ICFP Pearl on rec-def

Thanks! That paper “Call-by-need is clairvoyant call-by-value” is super helpful, maybe Clairvoyant Call by Need indeed solves my problems.

@Lysxia, you formalized Clairvoyant Call by Need in Coq… what do you think? (Based on your paper you did not consider non-structurally-recursive definitions, so probably no knot-tying in your formalization, right?)


The paper doesn’t give the denotational semantics for the language extended with data types, but I can guess what it would look like:

  • adding a (simple) S x constructor to the syntax,
  • changing the value domain to V ≅ (V_⊥ → D) + D to (which I’ll write as S d as well)
  • Adding the equation equation [[ S x ]]ϱ = 0 ▹ S (ϱ)

Now the denotation of

let x = S x in x

seems to be, if my scribblings are correct, 2 ▹ (µ x.
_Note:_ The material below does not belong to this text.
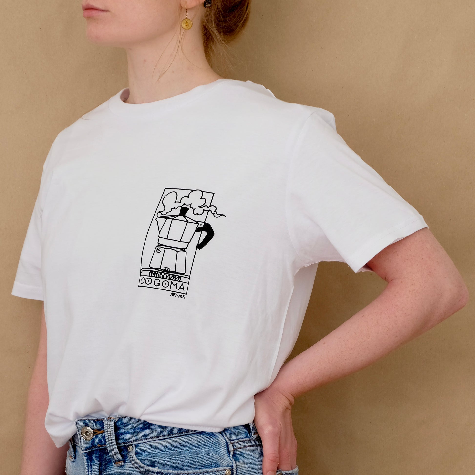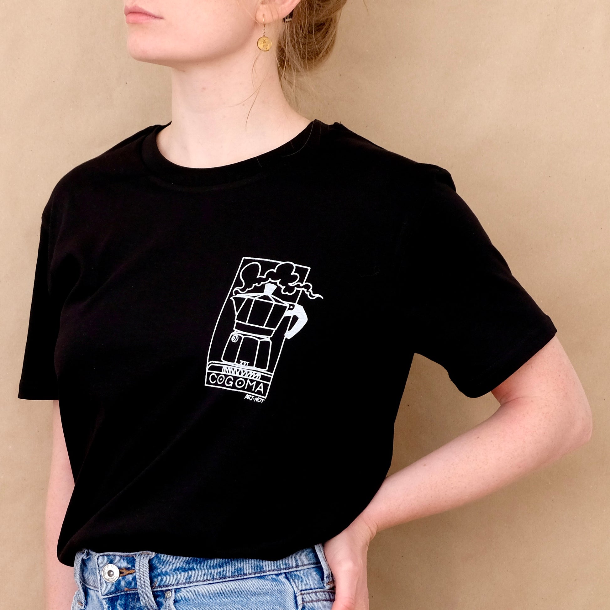 Nella foto la modella è alta 1.60 e indossa una XS. Le maglie sono 100% cotone organico.

C (0 ▹ x)), while for

let x = λ y. S (x y) in x e

(for arbitrary e) I get 6 ▹ (µ x. C (4 ▹ x)) (the cost counters may be off a bit).
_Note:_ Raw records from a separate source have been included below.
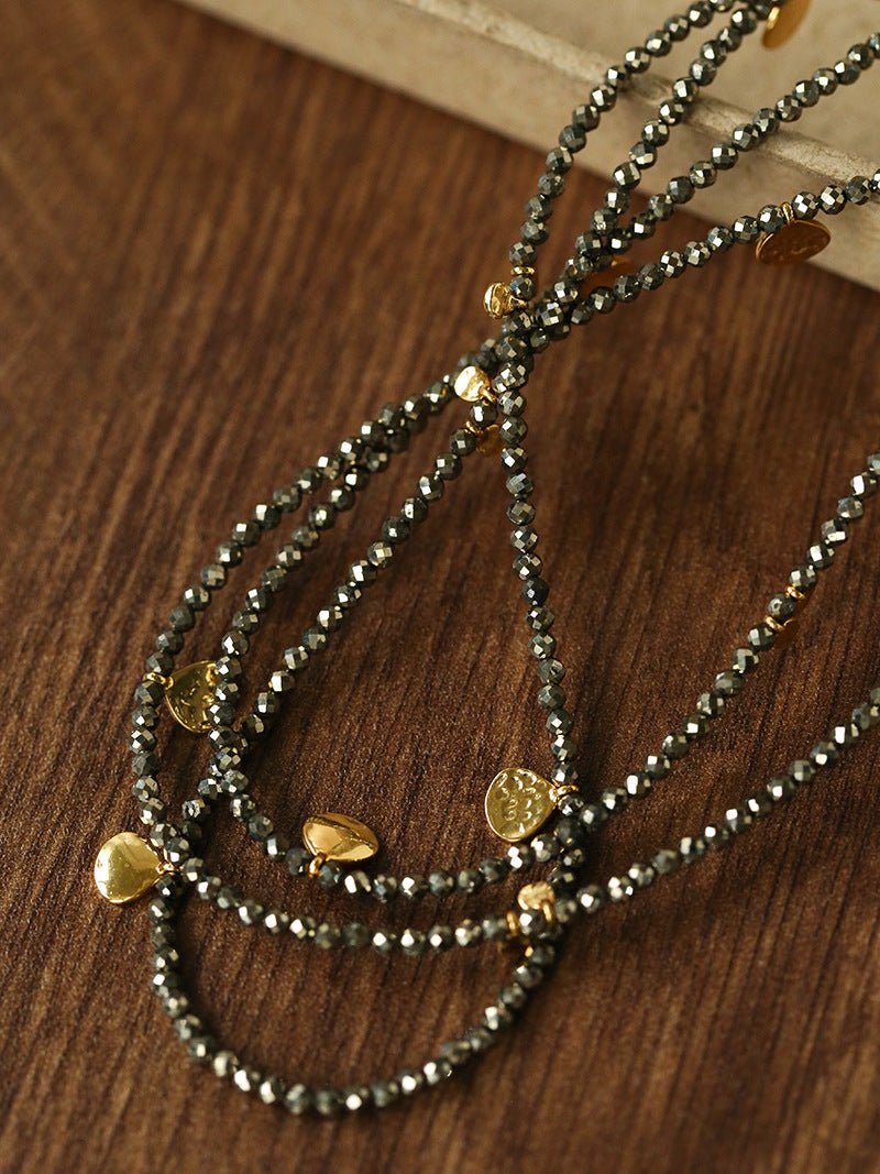 This long necklace features faceted natural pyrite beads that shimmer subtly with a refined metallic glow. Irregular coin accents are spaced throughout, adding movement and an effortless bohemian character without overwhelming the design.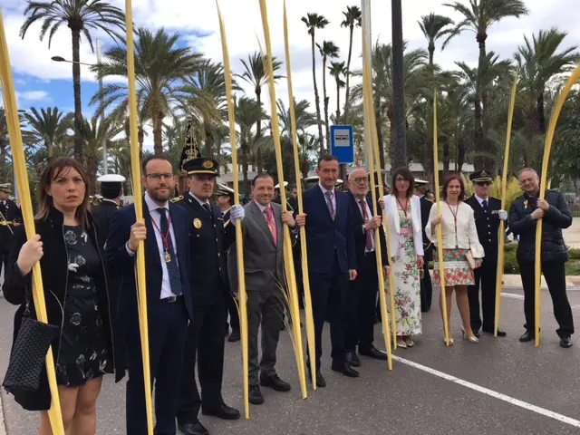 Miles de ilicitanos han acompañado con las tradicionales palmas blancas -lisas, rizadas o de solapa- a la imagen de Jesús Triunfante, durante la multitudinaria procesión del Domingo de Ramos de Elche, que marca el inicio de la Semana Santa.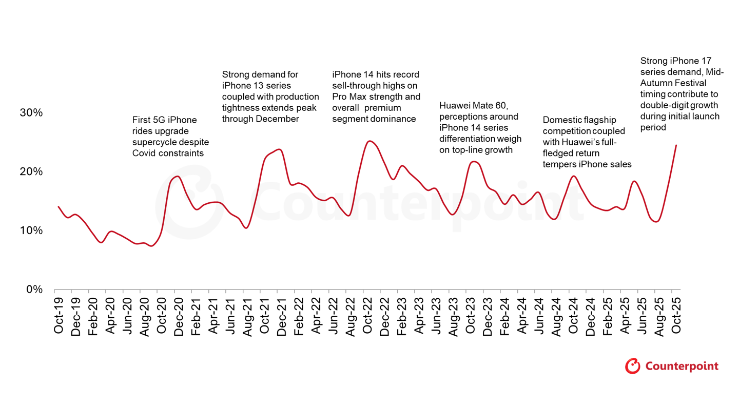 10 月份在中国售出的智能手机中,每四部就有一部是 iPhone,这一里程碑式的成就此前仅在 2022 年达到过一次,而当时苹果在高端市场的竞争对手较少。

So if “cost zero” means “ value is shared”, then indeed this denotational semantics allows me to distinguish knot-tying vs. untied knots!

(And probably I can simplify by only keeping track of 0 vs. not-0 in the semantics.)

What I am unsure now: Can I introduce an operation rseq x that is () if x evaluates to a cyclic data structure, and ⊥ else? It seems that “evaluates to a cyclic data structure” means “can be evaluated to a (infinite) tree of constructor applications where the overall cost is finite” or equivalently “all but finitely many costs are 0”. I can certainly define an operation D → D that way, but I worry: is it continuous?

It seems not. In this particular partial order we have

  (µ x. C (1 ▹ x))
⊏ C (0 ▹ (µ x. C (1 ▹ x)))
⊏ C (0 ▹ C (0 ▹ (µ x. C (1 ▹ x))))
…
⊏  (µ x. C (0 ▹ x))

but rseq (µ x. C (1 ▹ x)) = ⊥ and C (0 ▹ (µ x. C (1 ▹ x))) = ⊥ and also (µ x. C (0 ▹ x)) = (). This is monotonic, but not continuous.

So we cannot “simply” add this operation to the language. Too bad.